▶ About this task
Pictures are to be dropped, and only the lines from the one containing "Byrå av trä" through the end of the data below are to be reproduced as written.

▶ Collected data
⟨
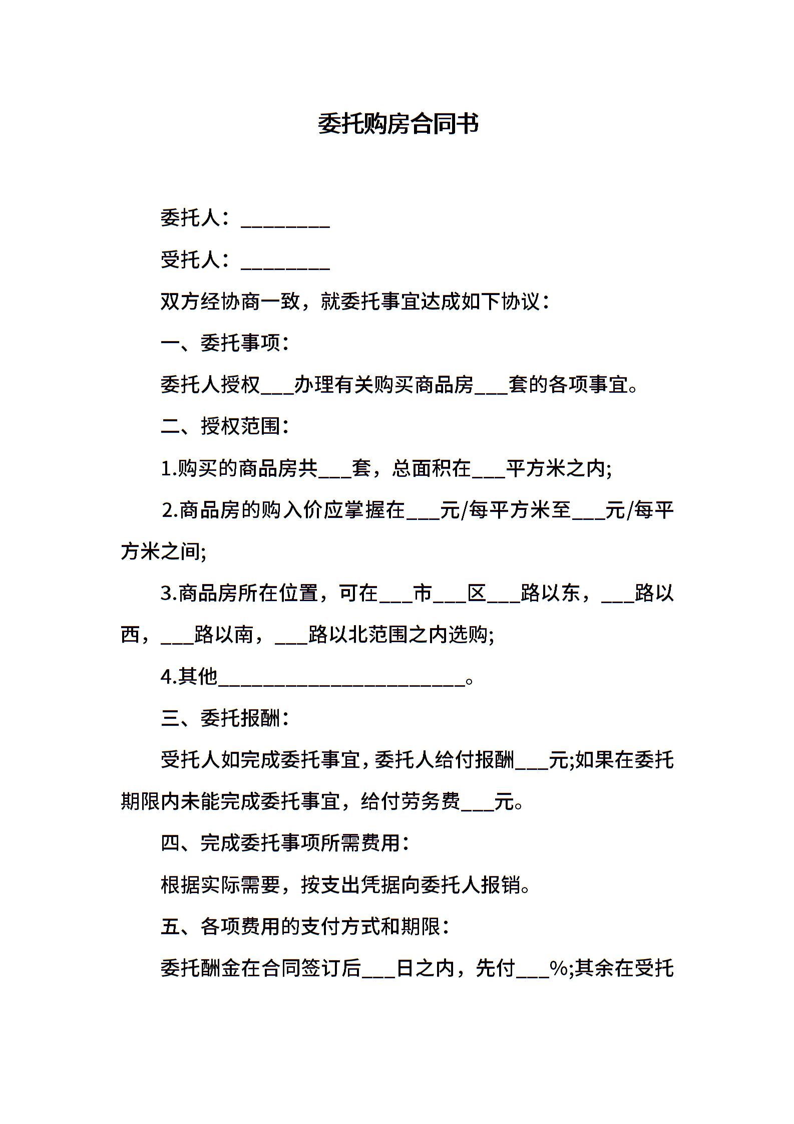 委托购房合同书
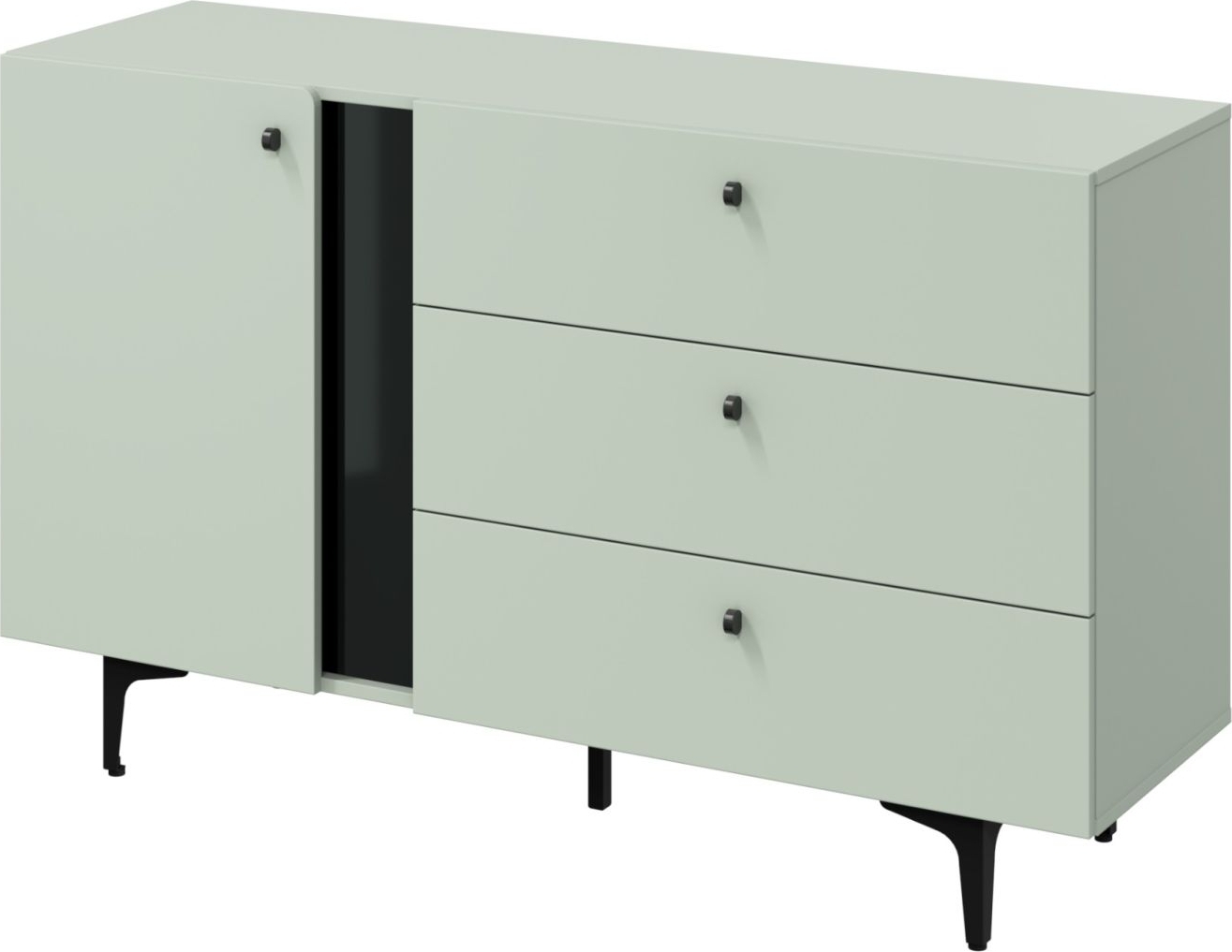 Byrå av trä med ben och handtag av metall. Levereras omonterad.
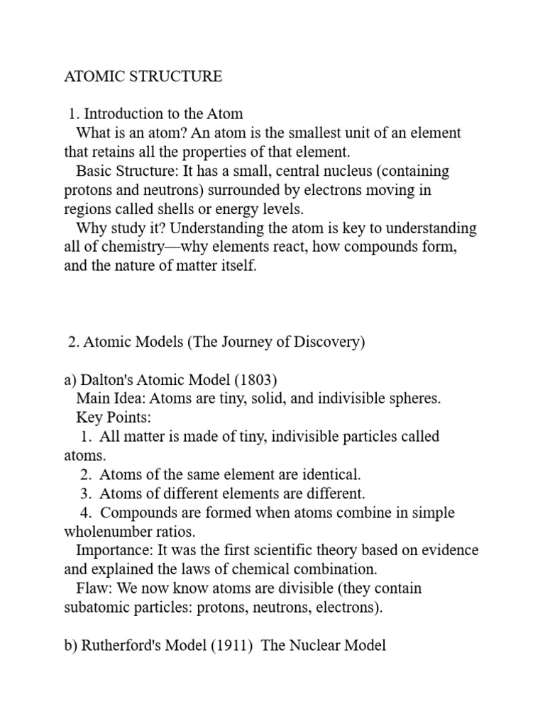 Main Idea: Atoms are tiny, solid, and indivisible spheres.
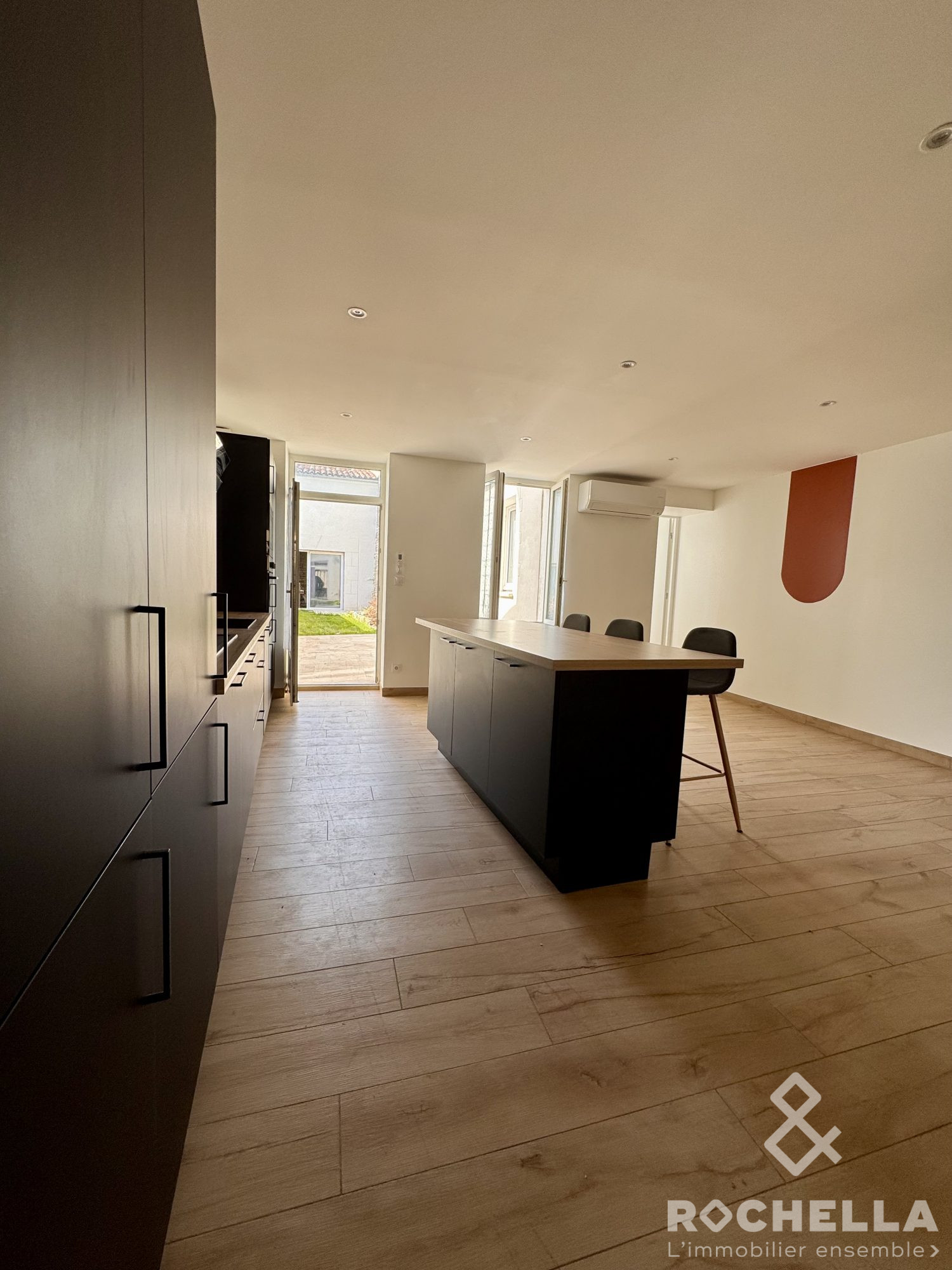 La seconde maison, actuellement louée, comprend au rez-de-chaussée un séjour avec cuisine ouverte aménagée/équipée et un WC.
⟩
▶ Reply
 Byrå av trä med ben och handtag av metall. Levereras omonterad.
 Main Idea: Atoms are tiny, solid, and indivisible spheres.
 La seconde maison, actuellement louée, comprend au rez-de-chaussée un séjour avec cuisine ouverte aménagée/équipée et un WC.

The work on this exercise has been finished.